> The problem:
Give again, word for word, each line of the data from the first through the one containing "This style combines". Pictures stay out.

> Stored data:

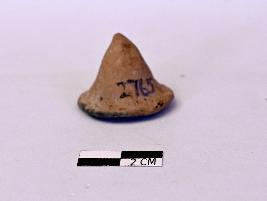 | Description / विवरण | A conical shaped terracotta, handmade games man with a flat circular base and pointy top, the surface is abraded |
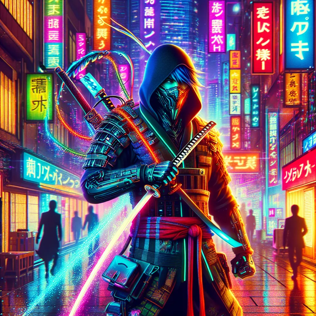 This style combines futuristic technology with a gritty, dystopian atmosphere, reminiscent of cyberpunk video games
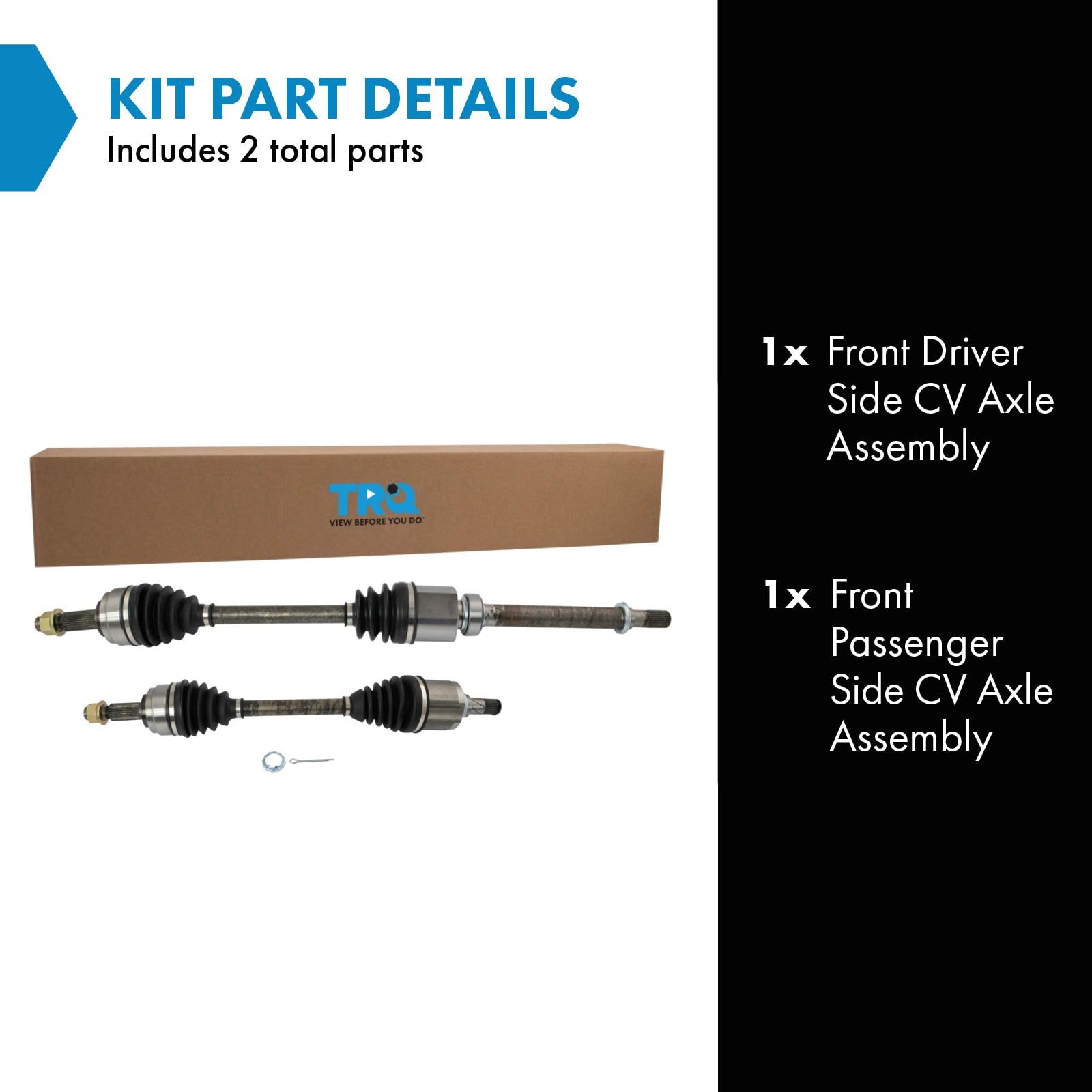 2 Piece CV Axle Assembly Set Kit Includes (1) Front Driver Side CV Axle Assembly (1) Front Passenger Side CV Axle Assembly Fitment Compatible with: 2007-12 Nissan Sentra Base Model Automatic CVT Transmission Front Driver & Passenger Side Compatible with: 2007-12 Nissan Sentra SL Automatic CVT Transmission Front Driver & Passenger Side Compatible with: 2007-12 Nissan Sentra S Automatic CVT Transmission Front Driver & Passenger Side Compatible with: 2009-12 Nissan Sentra SR Automatic CVT Transmission Front Driver & Passenger Side Product Attributes Quantity: 2 Piece Product Features 100% New: Manufactured to tighter tolerances for extended service life Neoprene Boots: Improved durability compared to stock material Moly Greased: Specifically-designed grease shield to reduce premature wear Application Specific Design: No modification Item Details TRQ CV (constant velocity) drive axles are manufactured using premium raw materials designed to restore original performance. TRQ CV drive axles are new, so there is no core charge with your TRQ purchase. TRQ-designed drive axles utilize neoprene boots, moly grease, stainless steel clamps, and heat-treated ball tracks to ensure extended service life. Each TRQ axle is application-specific so each spline and thread will mate properly for a seamless fit. All products are fit and road-tested in our Massachusetts R&D facility to ensure we deliver on our promise of Trusted Reliable Quality. Reference Numbers 39100ET200 39101ET200 447-50401R 447-50404L 66-6258 66-6259 666258 666259 ADS00108 ADS00109 NCV53918 NCV53919 NI8222 NI8223
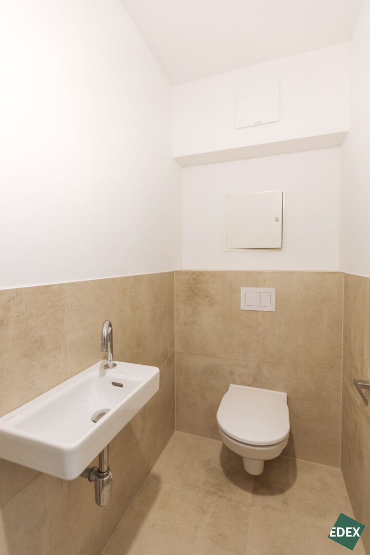 Die Wohnräume präsentieren sich mit hochwertigem Parkett, während das Badezimmer mit zeitlosem, elegantem Feinsteinzeug ausgestattet ist. Die Beheizung erfolgt durch eine effiziente Zentralheizung in Verbindung mit Fußbodenheizung, und dreifach verglaste Fenster sorgen für optimale Isolierung. Ein zusätzliches Kellerabteil steht für praktischen Stauraum zur Verfügung, und im Haus befindet sich ein Abstellraum für Kinderwagen und Fahrräder.

> Answer area:
 | Description / विवरण | A conical shaped terracotta, handmade games man with a flat circular base and pointy top, the surface is abraded |
 This style combines futuristic technology with a gritty, dystopian atmosphere, reminiscent of cyberpunk video games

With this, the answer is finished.